WAVE RIDER 28(ウエーブライダー 28)、これが定番の実力

■WAVE RIDER 28(ウエーブライダー 28)が発売

さあ、今年もやって参りました。この時期の恒例行事と言ってもいいでしょう。

WAVE RIDER(ウエーブライダー)シリーズがモデルチェンジ、その28代目、WAVE RIDER 28が9/6(金)に発売されました。

1997年にスタートしたこのシリーズは、今やロングセラーモデルに成長。28というナンバーリングは、ブランドを超えて、シューズ業界全体でも古参シリーズの一つとなっています。

では、今回のWAVE RIDER 28が一体どう変わって、どんな特徴があって、そして、どんなランナーにフィットするのか、その辺りを踏まえて解説していきましょう。


■定番ゆえの変わらない良さ、ウエーブライダーシリーズ

WAVE RIDER 28だけではなくて、このようなロングセラー定番シリーズは、多くの年月の間にたくさんのファンがいることもあって、ドラスティックで大胆なモデルチェンジは好まれない傾向にあります。

大事に守られている“ライダーらしさ”といった変わらない部分と、そして、新しく加わってワクワクできる、変わっていく部分が混在して、その絶妙なバランス感にてアップデイトされるのが、言わば定番モデルの宿命なのです。

ドシッとブランドのラインナップのど真ん中に存在して、ブランドの入り口、ベースモデルとして君臨するのがウエーブライダーシリーズの役目。他のラインナップが輝けるのもライダーの存在感が実は大きいというわけです。

ですから、今回の28代目もそのフレーム、骨格は大きくは変わらず、その中身にピリッと、それも全体にも影響を与えるような機能性がプラスされた“らしさ“のある定番のアップデイトになっています。では、その実力を細かく見ていきましょう。


■ウエーブライダーシリーズのその骨格部分は変わらない

ウエーブライダーと言えば、そのミッドソールのドロップ(厚みの前後差)が、今回も業界最高の12mmで、つまりこれは、前足部の厚みが1.2cmも薄くなることになり、言わば、ランニング中、ランナーに緩やかな下り坂のガイドを提供するものになっています。

定番のトラディショナルガイドは、両足揃えて体を揺らしてみてください、自然にガイドされるはずです。

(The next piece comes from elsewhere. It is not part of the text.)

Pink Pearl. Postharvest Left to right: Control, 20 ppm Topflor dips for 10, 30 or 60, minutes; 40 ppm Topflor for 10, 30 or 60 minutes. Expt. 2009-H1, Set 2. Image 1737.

これこそが長く愛されるウエーブライダーシリーズの変わらない骨格部分、フレームの正体なのです。

そして、ミッドソール上層部と下層部にサンドイッチされているお馴染みMIZUNO WAVE(ミズノ ウエーブ)は、今回も時代の歩調に合わせるように環境負荷を減らした植物由来のバイオペバックスで作られたプレートになっていて、しっかり全体をまとめる感覚、ここにもいつもの“らしさ”あり、安定要素の要となっています。

また、ウエーブライダーと言えば、ビシッとしっかりとしたフィット感も特徴。デイリートレーナーシューズの機能性の要、ヒールカップのカウンターはとてもしっかりとしたものが採用されていて、踵の“座り心地もいい”フィット感となっています。

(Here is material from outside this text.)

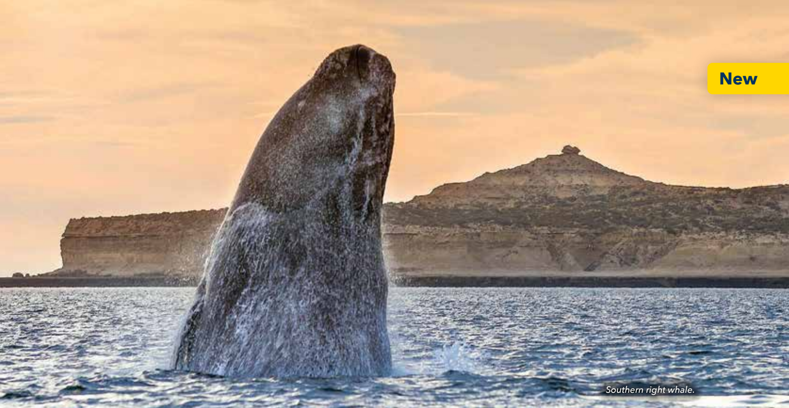
Southern right whale.

これらライダーの骨格はガッチリ今回もそのまま、“らしさ“はしっかり感じることができるアップデイトになっていますね。


■定番に搭載される新機能、MIZUNO ENERZY NXT(ミズノ エナジー ネクスト)

そして、そんないつもと変わらないフレーム(骨格)に、今回、ウエーブライダー 28としてピリッと新しいスパイスが加わりました。その筆頭が、ミッドソール下層の素材に採用されたMIZUNO ENERZY NXT(ミズノ エナジー ネクスト)です。

これは、話題のミズノ初のスーパートレーナー、MIZUNO NEO VISTA(ミズノネオ ビスタ)に初めて搭載されたミッドソール素材で、トレンドの素材、反発弾性のあるPEBAX(ペバックス)や新成形技術のスーパークリティカル(超臨界)で発泡・圧縮されたものではなくて、実にここは日本企業らしいのですが、従来素材EVAでの発泡・圧縮テストを繰り返して、ソール硬度最適解を求めて作られたものなのだそう。

ソフトなクッションでバウンドの返りも遅延なく、反応いいミッドソール素材、そんな“実績のある新機能“が、今回の定番ライダーにも搭載されたわけです。ワクワクさせられる機能で、これは、定番ライダーにとってはある種の“事件”ですね。


■実走した感触はどうか?

いても立ってもいられず、早速実走してみると、いつものように12mmドロップのオートマチックなガイド感はそのまま、ただ、前回のMIZUNO ENERZYだけで構成されたミッドソールより、下層部がMIZUNO ENERZY NXTになっただけでこんなに違うのか、と。

この素材の特徴、柔らかさで素材が少し潰れるのでしょうか、着地時の接地感覚は、いつもよりフラット、ドロップ差がないように感じます。それにより、むしろ、前方の接地感もマイルドで蹴り出しまでスムーズになりましたね。

まさに今回のコンセプト、RIDE THE WAVE (波に乗る)という感じで、とてもスムーズなライド感のシューズになりました。


■新しい形状になったMIZUNO WAVE(ミズノ ウエーブ)が効いている

そして、こんな波に乗る感覚のライド感を引き出し、まとめているのは、やはりミズノウエーブ、定番機能性が今回更なる微調整で進化、その貢献は大です。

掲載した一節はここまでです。